Evolutionary Systems Research Group, Institute of Evolution, Centre for Ecological Research, Klebelsberg Kunó str. 3., Tihany, 8237, Hungary.
MTA-ELTE Theoretical Biology and Evolutionary Ecology Research Group, Department of Plant Taxonomy and Ecology, Eötvös Loránd University, Pázmány Péter sétány 1/c, Budapest, 1117, Hungary.
Cell Mol Life Sci. 2020 Sep;77(18):3503-3523. doi: 10.1007/s00018-020-03462-6. Epub 2020 Feb 1.

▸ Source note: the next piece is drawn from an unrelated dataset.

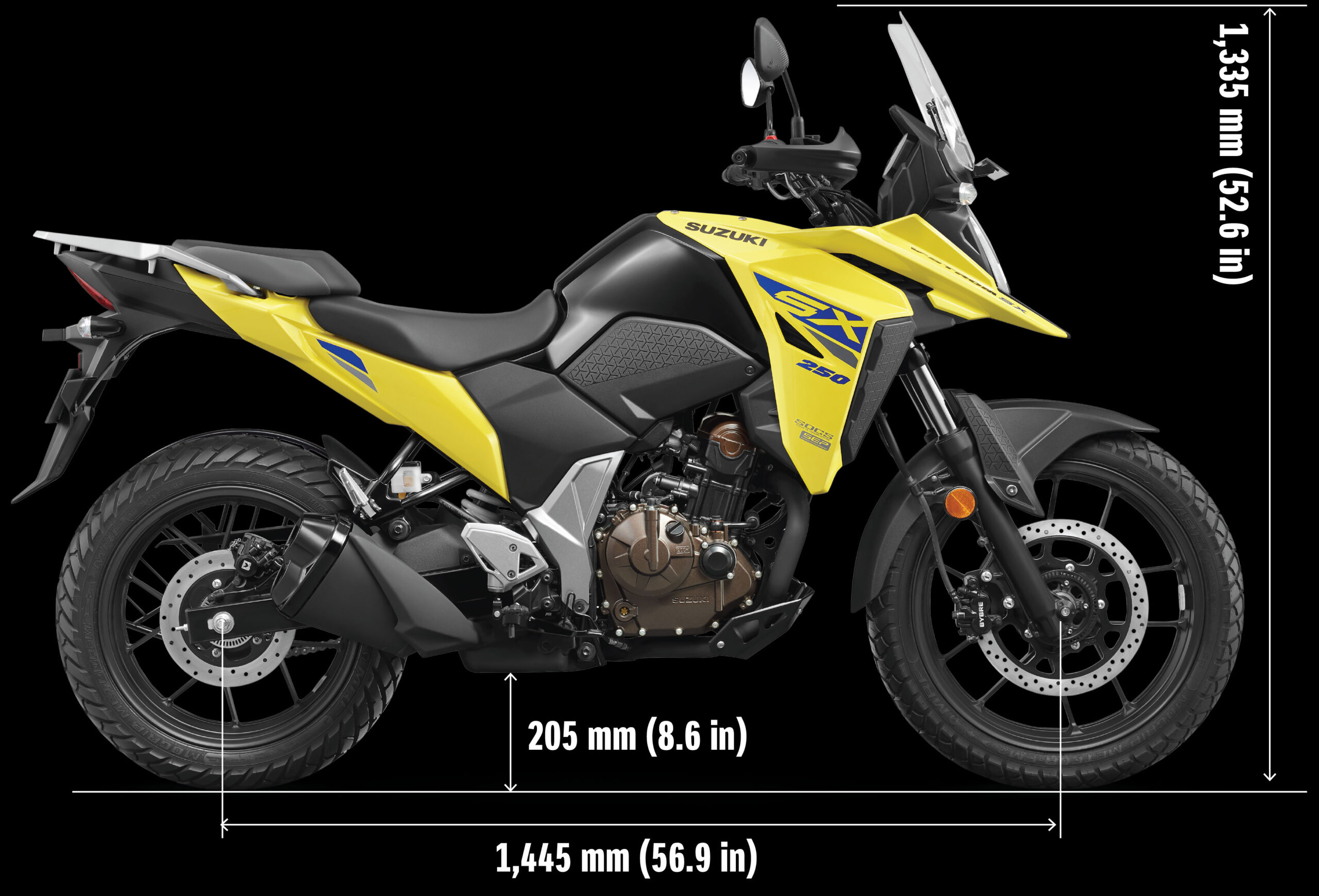 The 249cm3, 4-stroke 1-cylinder, 4-valve, oil-cooled SOHC engine featured in the V-STROM SX feels strong and linear, offering excellent torque.

Endosymbiosis and organellogenesis are virtually unknown among prokaryotes. The single presumed example is the endosymbiogenetic origin of mitochondria, which is hidden behind the event horizon of the last eukaryotic common ancestor. While eukaryotes are monophyletic, it is unlikely that during billions of years, there were no other prokaryote-prokaryote endosymbioses as symbiosis is extremely common among prokaryotes, e.g., in biofilms. Therefore, it is even more precarious to draw conclusions about potentially existing (or once existing) prokaryotic endosymbioses based on a single example. It is yet unknown if the bacterial endosymbiont was captured by a prokaryote or by a (proto-)eukaryote, and if the process of internalization was parasitic infection, slow engulfment, or phagocytosis. In this review, we accordingly explore multiple mechanisms and processes that could drive the evolution of unicellular microbial symbioses with a special attention to prokaryote-prokaryote interactions and to the mitochondrion, possibly the single prokaryotic endosymbiosis that turned out to be a major evolutionary transition. We investigate the ecology and evolutionary stability of inter-species microbial interactions based on dependence, physical proximity, cost-benefit budget, and the types of benefits, investments, and controls. We identify challenges that had to be conquered for the mitochondrial host to establish a stable eukaryotic lineage. Any assumption about the initial interaction of the mitochondrial ancestor and its contemporary host based solely on their modern relationship is rather perilous. As a result, we warn against assuming an initial mutually beneficial interaction based on modern mitochondria-host cooperation. This assumption is twice fallacious: (i) endosymbioses are known to evolve from exploitative interactions and (ii) cooperativity does not necessarily lead to stable mutualism. We point out that the lack of evidence so far on the evolution of endosymbiosis from mutual syntrophy supports the idea that mitochondria emerged from an exploitative (parasitic or phagotrophic) interaction rather than from syntrophy.
内共生和细胞器发生在原核生物中几乎是未知的。唯一被假定的例子是线粒体的内共生起源,它隐藏在最后一个真核生物共同祖先的事件视界之后。虽然真核生物是单系的,但在数十亿年的时间里,不可能没有其他原核生物-原核生物的内共生,因为共生在原核生物中非常普遍,例如在生物膜中。因此,基于单一例子来推断潜在存在(或曾经存在)的原核内共生关系更加危险。目前还不清楚细菌内共生体是被原核生物还是(原)真核生物捕获的,如果内化过程是寄生感染、缓慢吞噬还是吞噬作用。在这篇综述中,我们相应地探索了多种可能导致单细胞微生物共生进化的机制和过程,特别关注原核生物-原核生物的相互作用和线粒体,线粒体可能是唯一被证明是重大进化转折点的原核内共生体。我们根据依赖性、物理接近度、成本效益预算以及收益、投资和控制的类型,研究了种间微生物相互作用的生态学和进化稳定性。我们确定了线粒体宿主为建立稳定的真核谱系而必须克服的挑战。任何仅基于现代关系对线粒体祖先及其当代宿主最初相互作用的假设都是相当危险的。因此,我们警告不要仅基于现代线粒体-宿主合作就假设最初的互利相互作用。这种假设是双重错误的:(i)内共生是从剥削性相互作用中进化而来的,(ii)合作不一定会导致稳定的共生关系。我们指出,目前关于内共生从互利共栖进化而来的证据不足,这支持了线粒体从剥削性(寄生或吞噬)相互作用而不是从共栖中出现的观点。